I called my husband & mom.  I told them what was going on.  I talked myself down from the ledge thinking, "This kind of thing is just a precaution.  He will come back, and the doctors will say that everything is fine.  I'm not going to panic over this.  It's just a precaution."  Soon, Josh left for his testing.

An hour later, the phone rang in my hospital room.  Joe answered.  I watched his face grow ashen.  He put his head in his hand, listening to the person on the other end.  Now I was afraid.  "What's going on?  Who is it?  Joe!  What's going on?"  Joe handed me the phone.  It was Dr. Chia.  She was calm, but I could hear the serious concern in her voice.  "Amy, Joshua is sick.  There is a problem with his heart.  He will not be coming back to your room.  He is going to the level 3 NICU to start emergency medication to keep him alive.  There is a risk with this medication that he could stop breathing.  I've called Texas Children's Hospital (TCH), and they are on their way to get him, because they can handle his case there.  He has a coarctation of the aorta."

It was, and remains, the worst moment of my life.  I had to write down and ask her to spell this deadly condition Josh had.  Before long I was pacing my room like a caged tiger.  Joe & I called our mothers & they were on their way.  I paced, I cried, I wondered what to do.  I needed to get to Josh.  If we would lose him, it had to be in my arms.  I was terrified thinking that he was without Joe, my mom, or me.  Strangers were frantically trying to save him, and I had no idea where the NICU was or how to get there.  Finally the chief of Neonatology at Women's Hospital came in.  He explained again Josh's condition, and also that they could not handle the severity of Josh's case there, and he would be transported to TCH, right down the street.

He led us through what seemed a never-ending corridor, up and down elevators, to a small hallway, with a security door.  We were buzzed into another room where we scrubbed in.  I was finally wheeled to my son's bedside.  I got up to find that Josh was already covered in tubes, wires, leads, and my worst nightmare was playing out before me.  I frantically signed release paperwork that I did not read, to allow his transport to TCH.  My mother had finally arrived as emergency personnel began his preparation for transport.  We said goodbye to him, and went back to my room.  Joe's mom, Jackie was there.  As I heaved my heavy body from the wheel chair, she held me as I sobbed.  I could feel the terror in her embrace.

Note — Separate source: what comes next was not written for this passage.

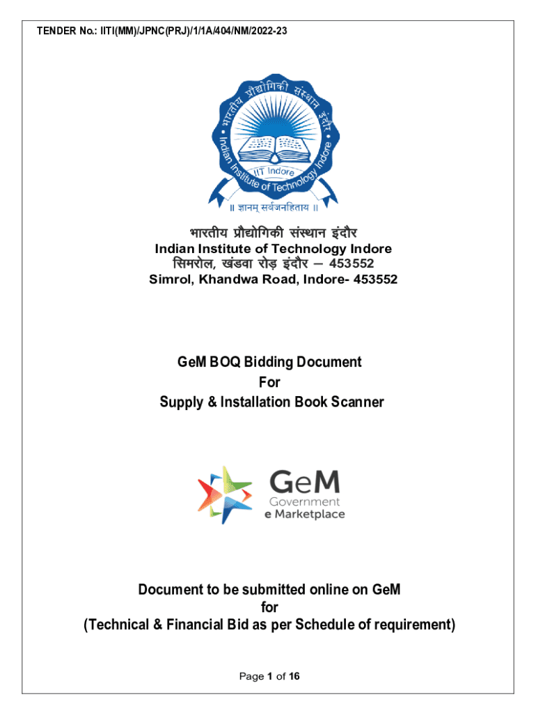 TENDER No.: IIT(MM)/PNC(PRO)/1/1A/404/NM/202223Hkkjrh; inks|sixth laLFkku banks

Joe & Jackie left to follow the ambulance to TCH.  Mom & I paced.  We paged my OB/GYN.  Mom asked if I wanted to call my sister.  I couldn't do it.  I couldn't bring myself to tell her that her brand new nephew was critically ill, and that we may lose him before she ever had the chance to see him.  Mom said, "She will want to come down.  What do you want me to tell her?" (my sister lived in Dallas).  I told mom that my sister needed to get on a flight.  I wanted her to see him before the unspeakable happened.

When we finally arrived at TCH, my child was in the level 3 NICU, and TCH cardiologists had performed their own chest x-rays, echos, and blood labs.  We were waiting for the cardiologist on call to come speak to us.  As we waited, I sat next to Josh's warmer.  I prayed to God to please not take my baby.  I asked the nurse about all of the lines, tubes, leads, and IVs.  I needed to know what it all was.  What it was for.  But what I needed to know most of all is if Josh would live.

By 11pm my sister had arrived from Dallas & was in the NICU, suitcase and all.  The emotion in her eyes could not have been more sincere.  I know she tried to hold back tears.  Finally the cardiologist arrived.  She sat next to me, and as my family gathered round to listen, she explained that there were more problems with Josh's heart than the coarctation.  She drew a picture of a normal heart.  Then a picture of Josh's heart.  She explained that he had a very rare condition called Shone's Syndrome.  She drew four areas of malformation on the picture of Josh's heart.

In the next week, we waited at Josh's bedside.  Our rabbi came to be with us.  Our family came to see Josh.  It was not an easy sight.  He had been moved to B pod which is known as "Cardiac Row".  

 Joshua had his first surgery to repair the severe coarctation of the aorta at just one week old.  He was able to come home, miraculously at three weeks old.

For the next several months we were in and out of TCH for check ups, echos, and was admitted on a few occasions to start Lasix.  We were watching and waiting to see if his aorta, which was still had some  stenosis would grow with him, or if he would need another surgery.

I got use to being at TCH.  I knew my way around the cardiac floors.  It was a home away from home for his first year.  At 7 months, Dr. Macicek had to deliver some bad news.  Josh's aorta was not getting better, rather worse.  Doctors Macicek and Niche told me that Josh would need another surgery.  This time instead of a thorocotomy, Josh would need open heart surgery.  My heart sank.  I imagined the heart lung bypass.  The thought of Josh's heart being stopped flooded my mind.  I began to cry.  I felt terribly for Dr. Macicek.  He had been with Josh since the day he arrived at TCH.  It had to be difficult for him too.

At just before his 8 month birthday, Josh underwent open heart surgery for another repair to his coarctation.  Surgeon Jeffery Heinle performed his first and second surgery.  He is one of the best congenital heart surgeons in the world.   This surgery was far more complex than the first.  Though the surgery was a success, Josh suffered several complications afterward.  He was in the CVICU longer this time, to manage his difficulty breathing and a strider caused by temporary paralysis of one of his vocal cords.

Now, at age 2, Josh is the picture of health.  He runs, he plays, he loves the beach, he does everything any other 2-year-old child would do.  He sports a scar down the length of his beautiful chest, and one under his left shoulder blade as reminders of what he has been through.  I notice people at the beach looking at his scars, likely wondering what happened.  I'm always happy to explain it to them because Josh is a survivor.  I am proud of his scars for that reason.  We celebrate his surgical anniversaries because he is a fighter.  We thank God for him everyday.  Now, it's hard to believe I ever thought we could lose him.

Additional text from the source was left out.